If I remember correctly (I'm not going to look it up again), the guillotine did not get its name from the inventor, but from a French legislator of the time who argued for its use because a death sentence's purpose was to deprive someone of life, not to torture them. Apparently standard methods of execution before then included a variety of torture implicit in "breaking on the wheel". Burning at the stake also qualifies as torture. Apparently beheading with an axe wielded by hand is an iffy proposition, and if botched can amount to torture, while a guillotine was reliable in beheading without botching. So that was an issue being debated in the late 1700s, while at some point in the 1900s the terms of the debate shifted to no execution at all as opposed to no torture. I fully support an end to torture, whether at the end of life or any other time.

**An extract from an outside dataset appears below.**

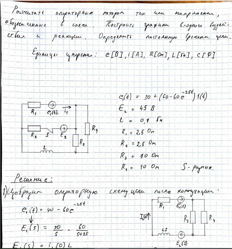 Для студентов МГТУ им. Н.Э.Баумана по предмету Электротехника (ЭлТех)Операторный метод расчет электрической цепиОператорный метод расчет электрической цепи

I don't know if death penalty opponents care greatly whether the victim was frantic and distraught just before the execution or peaceful and accepting, but they do care a great deal about this with regard to an unavoidable death. Sometimes I get the sense that joyous celebration of someone's life starts with the idea that they died peacefully and accepting. Survivors seem to be celebrating the death itself, since as we all really know, death is inevitable. I'm aware of this reaction in myself, though not proud of it. If some very old celebrity dies, I am often not aware of even one moment of grief, but with a sort of relief. They were bound to die, so now it's happened, and I can check off my list another of life's expected events that happened. If we actually actively mourned each death (say, if you read the obits regularly) you would rapidly be swamped by compassion fatigue.


But if you have a uniform sense that there is no afterlife -- no way, no how -- then someone dying early at someone else's hand isn't inherently a cause of more horror than the inevitability that they will die within a matter of decades in any event. If you're aware for a minute in a falling airplane that you're about to die, well, bummer! If they execute the wrong person, then... Oops! They still didn't end a life that was emotionally infinite -- they cut it short by at most a few decades.


I'm still staunchly opposed to the death penalty, but it doesn't make my top hundred list of things to be passionately concerned about. I suppose for me its importance derives from how important it is to other people. I also don't think that the mindset that leads to celebrating the execution of a hated person is a good thing, but exploring that would be another topic.